*Task instructions*: From the first line of the listing below through the line with "any supporting documents.", transcribe exactly and skip the pictures.

*Exercise data*:
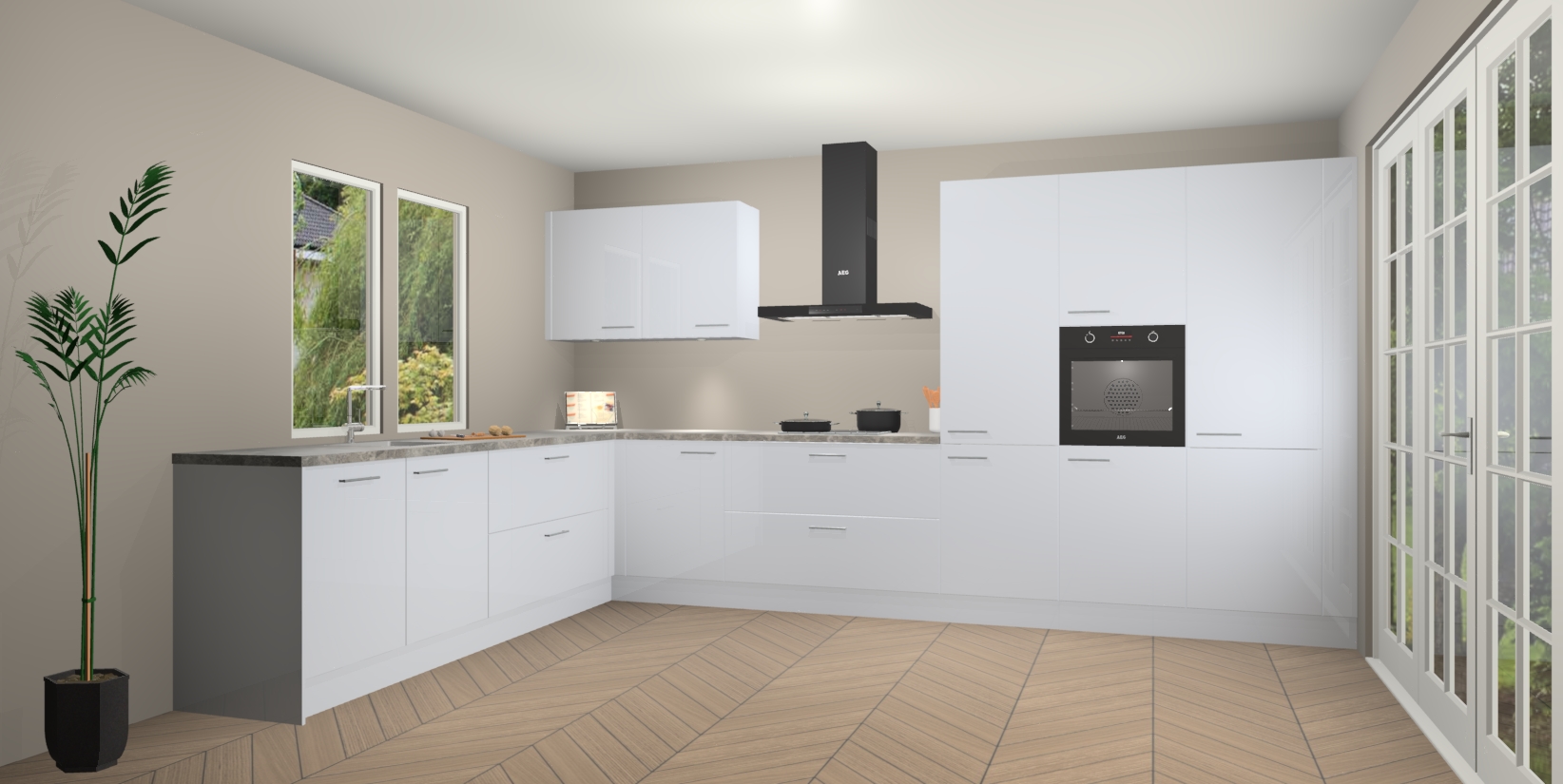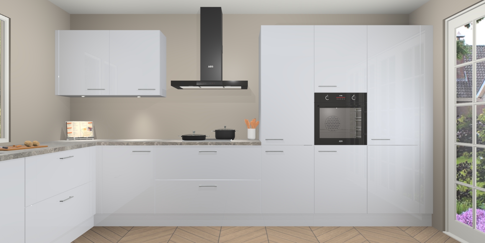 Heeft u nog apparatuur nodig? Geen probleem: de Sneeuwwitte hoogglans keuken Debrecen bevat vijf ingebouwde apparaten - een oven, inductiekookplaat, afzuigkap, vaatwasser en koelkast - die gemakkelijk kunnen worden bijgewerkt naar AEG na bestelling. En als dat nog niet genoeg is; onze kasten worden pre-geassembleerd geleverd en zijn verkrijgbaar tegen een vastgeroeste lage prijs! U hoeft nooit meer te zoeken naar goede kwaliteit en service want onze producten hebben echt Duitse kwaliteit.
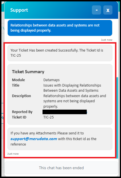 • If you have any attachments related to the issue, you can send them to "support@merudata.com" using the Ticket ID as a reference. Please note that files cannot be attached directly in the chat, so we provide this email address for submitting any supporting documents.
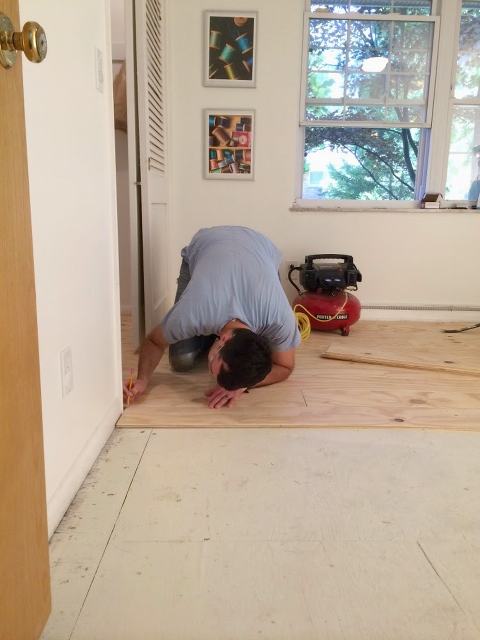 Earlier I had called home depot and placed an order for 5 sheets of plywood (too few) cut the long way in 8″ wide planks (They cut them 7″ wide. A mistake we would not catch until the next day when the floor was 3/4ths of the way done and we had to call and order more wood. And then cut those 8″ wide planks down to 7″ wide planks to match the first ones. This mistake cost us a few hours.) By that evening B had picked up the planks along with some other supplies while I had removed the backboard, the staples and nails and vacuumed the floor. We were ready to go Friday morning.
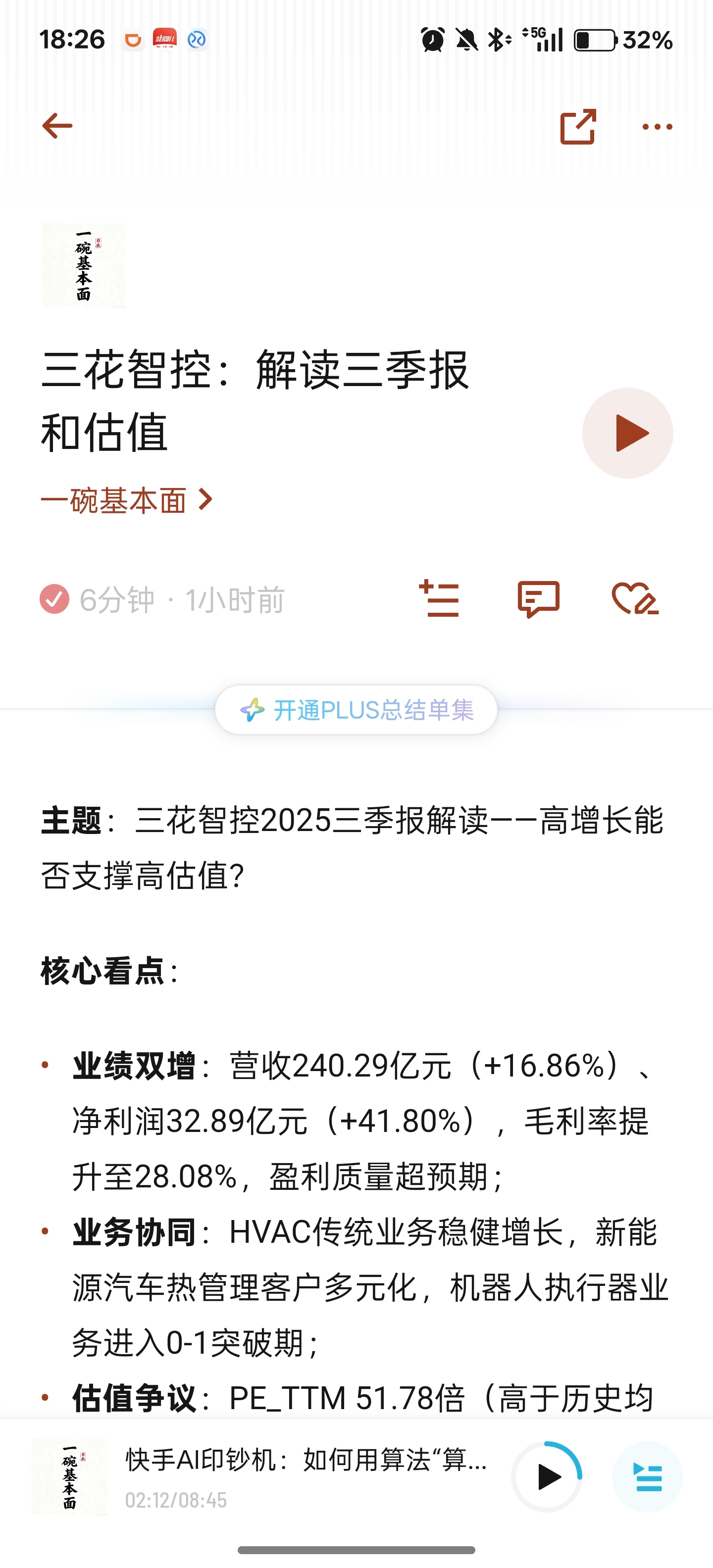$三花智控(SZ002050)$ 小宇宙app,主理人“一碗基本面”,11.5发的一篇关于“三花三季报解读”的播客挺好的,分析的很全面,可以去听听。

*Reply*:
 Heeft u nog apparatuur nodig? Geen probleem: de Sneeuwwitte hoogglans keuken Debrecen bevat vijf ingebouwde apparaten - een oven, inductiekookplaat, afzuigkap, vaatwasser en koelkast - die gemakkelijk kunnen worden bijgewerkt naar AEG na bestelling. En als dat nog niet genoeg is; onze kasten worden pre-geassembleerd geleverd en zijn verkrijgbaar tegen een vastgeroeste lage prijs! U hoeft nooit meer te zoeken naar goede kwaliteit en service want onze producten hebben echt Duitse kwaliteit.
 • If you have any attachments related to the issue, you can send them to "support@merudata.com" using the Ticket ID as a reference. Please note that files cannot be attached directly in the chat, so we provide this email address for submitting any supporting documents.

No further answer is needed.